View Full Version : Underdog in GOP Race Counts on California Conservatism

12-14-2009, 12:40 PM

LA HABRA, Calif. -- In the Republican race to take on Democratic U.S. Sen Barbara Boxer next year, underdog Chuck DeVore lacks the star power of GOP rival Carly Fiorina, but what he does have going for him are impeccable conservative credentials.

Mr. DeVore, a California assemblyman, is a hawk on everything from taxes to spending to abortion rights. He received the top conservative score of 100 last month by a citizens' group called the California Republican Assembly, which rates state legislators.

"If we don't stop the trillion-dollar deficits in their tracks, we'll be enslaving our children to higher taxes," Mr. DeVore told about 30 members of a Republican Women Federated chapter on a recent campaign stop in this Orange County, Calif., city.

Ms. Fiorina, for her part, wasn't ranked by the conservative group, but the former chief executive of Hewlett-Packard Co. is widely regarded as a moderate.

Mr. DeVore's chief selling point as a staunch conservative may sound like a drawback in a heavily Democratic state, but Republicans in California need the right flank, which comprises much of the party's base here. Combined with the populist anger nationwide over the overhaul of health care and other liberal issues, Mr. DeVore's strategy of emphasizing his conservative bent could succeed in the Republican primary in June, said some political analysts.

"In a more normal political landscape, DeVore would have an almost impossible task ahead of him," said Dan Schnur, director of the Jesse M. Unruh Institute of Politics at the University of Southern California and a Republican strategist. "But given the grassroots anger that exists now, he's got a chance."

Mr. DeVore has the backing of many conservative state Republicans, including assemblyman Anthony Adams. "I know him to be a man of high integrity, and I don't know Carly very well," Mr. Adams said.

But Ms. Fiorina has secured endorsements from some prominent conservative Republicans nationally, including Senate Republican leader Mitch McConnell. Officials at the California State Republican Party said they weren't endorsing anyone for the GOP primary.

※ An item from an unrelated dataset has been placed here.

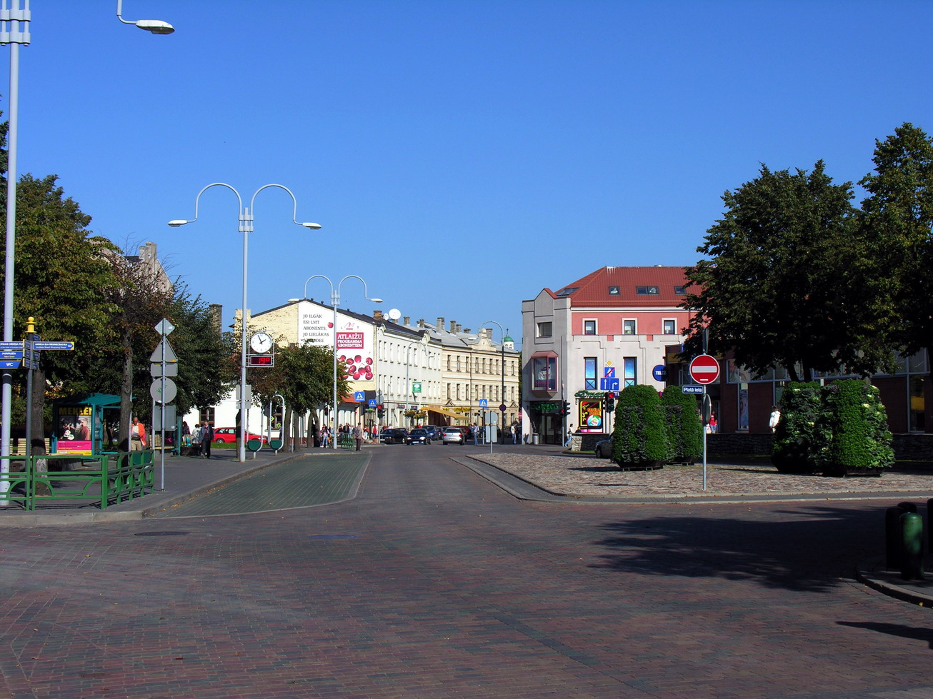 Kuldigas street in Ventspils

Mr. DeVore, 47 years old, faces an uphill battle in other areas. While Ms. Fiorina has national renown, Mr. DeVore concedes "the drop off in my name recognition is pretty precipitous outside my district" in Orange County. He has raised $1 million so far, but political analysts said Ms. Fiorina -- who entered the race just last month -- is likely to raise upward of $10 million.

Ms. Fiorina, 55, who received a severance package of $21 million after she was ousted from H-P in 2005, hasn't yet divulged how much she has raised.

Both candidates would face challenges running against Ms. Boxer. A Nov. 17 Rasmussen Reports poll showed Ms. Fiorina trailing Ms. Boxer 46% to 37% in a hypothetical match-up, with Mr. DeVore a percentage point behind Ms. Fiorina. Ms. Boxer has raised $10 million of a planned $20 million campaign war chest.

"Whoever the Republicans nominate, we're getting ready for a tough race," said Rose Kapolczynski, Ms. Boxer's campaign manager.

Ms. Fiorina, who has begun the balancing act of boasting conservative bona fides without moving too far to the right, said she stood the best chance of beating Ms. Boxer. "The primary difference between [Mr. DeVore] and me is I can beat her," she said in an interview with reporters in Washington last month, adding that Ms. Boxer has defeated all the male candidates who opposed her.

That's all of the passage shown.